Will Merrick is driving his own way through Hollywood

The Skins alum actor talks Silverstone, enduring cast friendships and filming in the fast lane on the set of F1: The Movie

PHOTOGRAPHY Hollie Fernando
PHOTOGRAPHY ASSISTANT Millie Noble
STYLIST Baillie Jones
STYLING ASSISTANT Odera Phil-Ebosie
GROOMER Tarik Bennafla
PRODUCTION Chiara Maculan
SPECIAL THANKS Pinnacle PR 

HEADER IMAGE Will Merrick wears Jacket DENZIL PATRICK

“I’ve never done a job before where it required so little imagination,” Will Merrick says with a grin. “Because there was no need to imagine.” I meet the British actor a few weeks before the launch of F1: The Movie, this summer’s juggernaut blockbuster.
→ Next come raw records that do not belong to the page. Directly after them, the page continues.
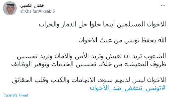 وقال في تغريدة عبر "تويتر" رصدها "المشهد العربي": "الإخوان المسلمين أينما حلوا حل الدمار والخراب الله يحفظ تونس من عبث الإخوان".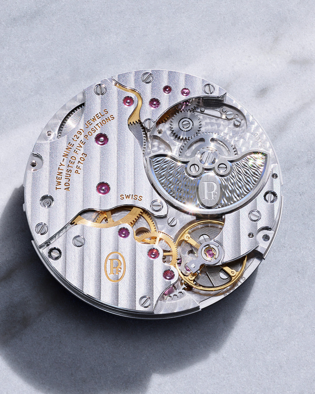 Beneath the surface, the ultra-slim PF703 calibre uses a platinum micro-rotor to keep the watch elegant, balanced, and mechanically refined. Two hands, one philosophy: private luxury, worn daily.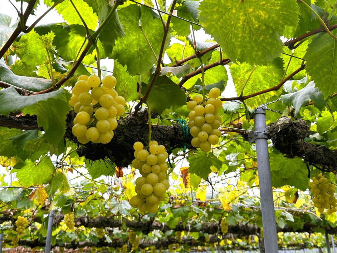 ワイン用のハニービーナスはすでに収穫を終えていましたが、今年は糖度が高く、例年以上に上質なワインが期待できるとのこと。畑に残っていた果実は糖度23度近くにも達し、ひと口含むと、芳醇な甘みが口いっぱいに広がり、一同、思わず笑みがこぼれるほどの味わいでした。

The film stars executive producer Brad Pitt and British rising star Damson Idris as drivers for new Formula 1 team APXGP, alongside team principal Javier Bardem. Merrick plays Hugh Nickelby, race engineer to Pitt’s Sonny Hayes, and has spent the better part of the past two years filming at some of the world’s best racing tracks. 
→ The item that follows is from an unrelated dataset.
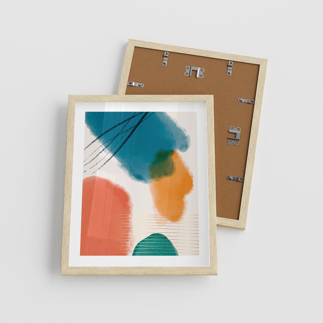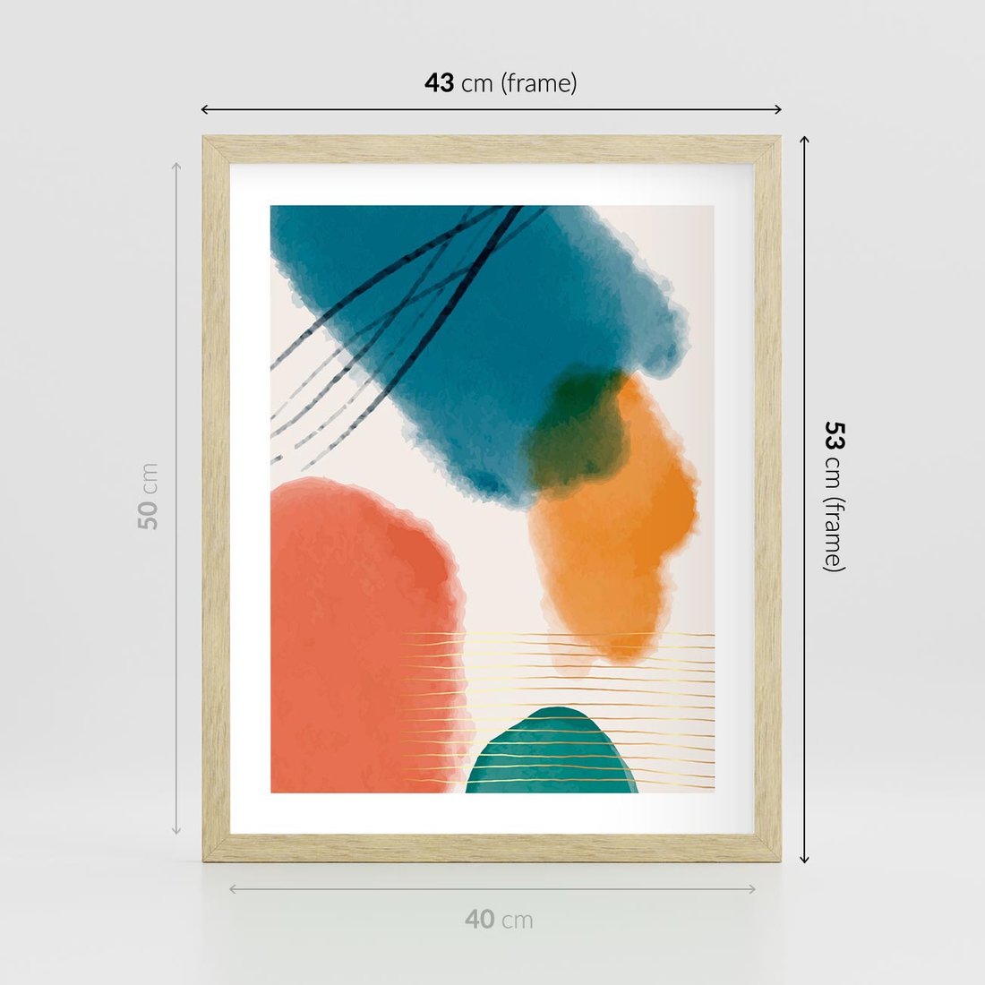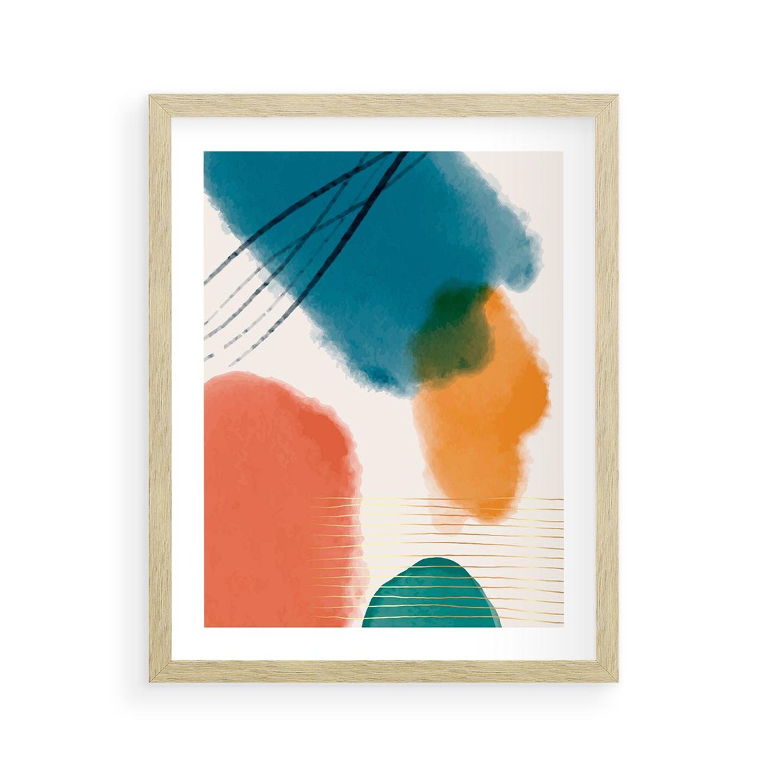 Plakat w ramie 40x50 - Migotliwe Pochwycenia - abstrakcyjne kolorowe plamy, akwarela - rama drewno

Co-created by the director, writer and producer trio behind Top Gun: Maverick, F1: The Movie prides itself as the most immersive racing film ever made, integrating its fictional drivers with the real-life F1 teams while shooting at nine internationally-renowned circuits during live Grand Prix weekends. Pitt and Idris trained with British racing legend Lewis Hamilton and drove in modified F2 racecars, reaching speeds up to 180 mph and capturing genuine G-force reactions.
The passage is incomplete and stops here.